__WHAT YOU NEED TO DO__.
Nothing but an exact copy is wanted: the line with "姜文波在会议现场首次揭秘《中" and each line after it in the data below, last line included.

__DATA PROVIDED__.
Segment Open
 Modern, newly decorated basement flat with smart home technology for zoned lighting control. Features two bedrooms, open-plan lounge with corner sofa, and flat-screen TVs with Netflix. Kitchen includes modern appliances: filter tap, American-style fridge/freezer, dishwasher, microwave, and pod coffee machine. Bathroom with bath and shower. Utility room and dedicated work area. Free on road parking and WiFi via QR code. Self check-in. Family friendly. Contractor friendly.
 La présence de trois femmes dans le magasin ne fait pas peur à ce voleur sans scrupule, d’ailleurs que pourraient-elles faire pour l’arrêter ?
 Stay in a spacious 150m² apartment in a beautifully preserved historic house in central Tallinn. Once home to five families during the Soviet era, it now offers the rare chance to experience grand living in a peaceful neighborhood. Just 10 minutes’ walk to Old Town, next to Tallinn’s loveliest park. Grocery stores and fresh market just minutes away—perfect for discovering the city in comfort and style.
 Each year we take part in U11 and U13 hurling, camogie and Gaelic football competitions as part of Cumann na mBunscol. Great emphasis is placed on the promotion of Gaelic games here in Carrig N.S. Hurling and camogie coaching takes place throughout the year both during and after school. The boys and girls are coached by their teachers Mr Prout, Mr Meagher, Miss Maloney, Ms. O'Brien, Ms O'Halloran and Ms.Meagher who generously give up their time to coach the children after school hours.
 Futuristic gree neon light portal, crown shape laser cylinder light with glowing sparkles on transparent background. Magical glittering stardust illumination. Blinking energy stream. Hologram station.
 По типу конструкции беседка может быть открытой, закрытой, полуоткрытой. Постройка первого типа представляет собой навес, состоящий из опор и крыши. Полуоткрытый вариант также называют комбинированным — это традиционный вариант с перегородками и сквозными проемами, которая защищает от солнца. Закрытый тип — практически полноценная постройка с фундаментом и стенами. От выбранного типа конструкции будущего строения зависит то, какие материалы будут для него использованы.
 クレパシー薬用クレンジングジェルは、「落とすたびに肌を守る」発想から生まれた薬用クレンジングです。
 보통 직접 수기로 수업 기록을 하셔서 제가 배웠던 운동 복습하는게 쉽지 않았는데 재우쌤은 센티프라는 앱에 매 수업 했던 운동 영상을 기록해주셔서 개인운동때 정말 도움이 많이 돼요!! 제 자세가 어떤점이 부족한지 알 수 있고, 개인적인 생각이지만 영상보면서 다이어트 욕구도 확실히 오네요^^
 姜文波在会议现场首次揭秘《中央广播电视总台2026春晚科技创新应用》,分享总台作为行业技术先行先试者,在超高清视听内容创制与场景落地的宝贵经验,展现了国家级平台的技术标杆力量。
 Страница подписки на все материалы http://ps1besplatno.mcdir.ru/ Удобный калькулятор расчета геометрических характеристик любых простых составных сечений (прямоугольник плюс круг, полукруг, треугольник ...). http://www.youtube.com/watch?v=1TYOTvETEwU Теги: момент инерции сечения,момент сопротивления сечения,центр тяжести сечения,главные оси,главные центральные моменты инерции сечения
Segment Closed
__RESPONSE BOX__.
 姜文波在会议现场首次揭秘《中央广播电视总台2026春晚科技创新应用》,分享总台作为行业技术先行先试者,在超高清视听内容创制与场景落地的宝贵经验,展现了国家级平台的技术标杆力量。
 Страница подписки на все материалы http://ps1besplatno.mcdir.ru/ Удобный калькулятор расчета геометрических характеристик любых простых составных сечений (прямоугольник плюс круг, полукруг, треугольник ...). http://www.youtube.com/watch?v=1TYOTvETEwU Теги: момент инерции сечения,момент сопротивления сечения,центр тяжести сечения,главные оси,главные центральные моменты инерции сечения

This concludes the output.